RACHEL MARTIN, HOST:

HBO unveils its latest big-budget drama series tonight, a premium cable version of the 1970s sci-fi film "Westworld." NPR TV critic Eric Deggans wonders if the show is a canny exploration of humanity or just a carefully crafted excuse for lots of violence.

ERIC DEGGANS, BYLINE: HBO's "Westworld" unfolds like an updated take on an old question - what's the difference between a machine that expertly mimics life and a synthetic person who's actually alive?

(SOUNDBITE OF TV SHOW, "WESTWORLD")

EVAN RACHEL WOOD: (As Dolores Abernathy) Some people choose to see the ugliness in this world, the disarray. I choose to see the beauty.

DEGGANS: That's Dolores, a synthetic person played by Evan Rachel Wood. She's among the oldest machines at a high-tech resort called Westworld. Dolores and her fellow androids, called hosts, populate to fake Old West environment that allows humans, called guests, to live out their Western fantasies. Anthony Hopkins plays the Walt Disney of this theme park, Dr. Robert Ford. He lectures his staff on why people come there.

(SOUNDBITE OF TV SHOW, "WESTWORLD")

ANTHONY HOPKINS: (As Dr. Robert Ford) They're not looking for a story that tells them who they are. They already know who they are. They're here because they want a glimpse of who they could be.

DEGGANS: Unfortunately, what many of these human guests could be is pretty ugly. There's the gunslinger, a repeat guest played by Ed Harris. He's a human dressed in black with a taste for killing hosts, which makes him look like a psychopath. And he seems to have one thing on his mind when he meets Dolores.

(SOUNDBITE OF TV SHOW, "WESTWORLD")

ED HARRIS: (As The Man in Black) Hello again. Your daddy gave it up quickly. I think he's losing his touch.

WOOD: (As Dolores Abernathy) You'll be following right behind him.

HARRIS: (As The Man in Black) Is that any way to treat an old friend? I've been coming here for 30 years, but you still don't remember me, do you? After all we've been through.

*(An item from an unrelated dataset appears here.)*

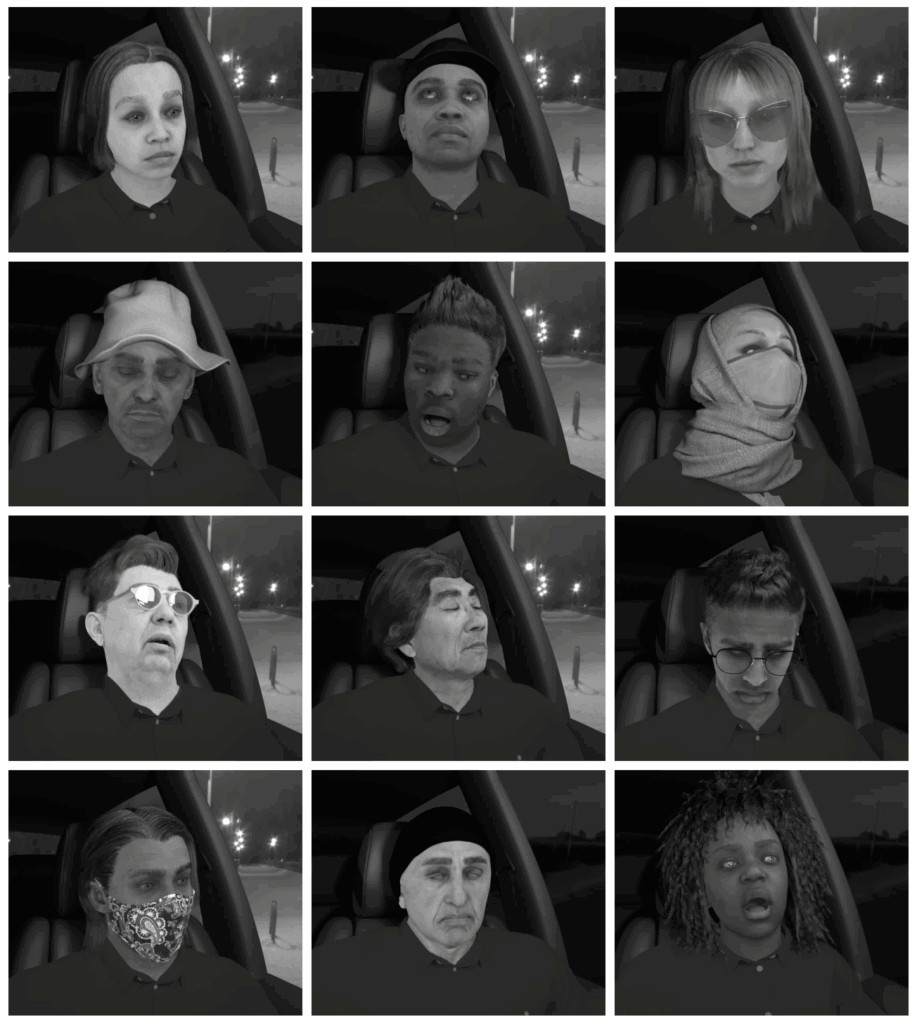 To make this work, we will need to make an additional effort to model car interiors, cameras used by car manufacturers, and other environmental features, but the heart of this project remains in the FaceAPI that we have already developed. This easy-to-use API can produce millions of unique 3D models that have different combinations of identities, clothing, accessories, and, importantly for this project, facial expressions. FaceAPI is already able to produce a wide variety of emotions, including, of course, closed eyes and drowsiness, but we plan to further expand this feature set.

DEGGANS: She doesn't remember him because host's memories are erased after they're killed in a scenario. But problems arise when some hosts begin to access old memories anyway, like the android playing Dolores's dad, who confronts Dr. Ford.

(SOUNDBITE OF TV SHOW, "WESTWORLD")

LOUIS HERTHUM: (As Peter Abernathy) I have to warn her.

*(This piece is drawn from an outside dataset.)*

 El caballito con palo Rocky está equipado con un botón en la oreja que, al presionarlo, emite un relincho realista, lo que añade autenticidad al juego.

HOPKINS: (As Dr. Robert Ford) Warn who?

HERTHUM: (As Peter Abernathy) Dolores. The things we do to her. The things you do to her. I have to protect her. I have to help her. She's got to get out.

DEGGANS: It all raises compelling questions. If these hosts react to painful memories, have they become a new form of life? Do they have a soul? Does this mean humans ought to treat them humanely? The 1973 movie written and directed by "Jurassic Park" author Michael Crichton was a simpler tale.

(SOUNDBITE OF FILM, "WESTWORLD")

UNIDENTIFIED ACTRESS: (As character) We will soon be landing at Westworld, the ultimate resort.

DEGGANS: The robots ran amok, killing guests in a nightmare story of technology destroying man. But this new "Westworld" asked what might happen if man abuses technology, creating life only to enslave it. After seeing four episodes, I'm still not sure if HBO's "Westworld" is slowly setting up a grand, complex story or artfully going nowhere. Films like "Blade Runner" and "Ex Machina" have already explored the moral questions of man creating and exploiting synthetic life. And it's not yet clear, despite the quality acting and special effects in this "Westworld," that the story offers anything new.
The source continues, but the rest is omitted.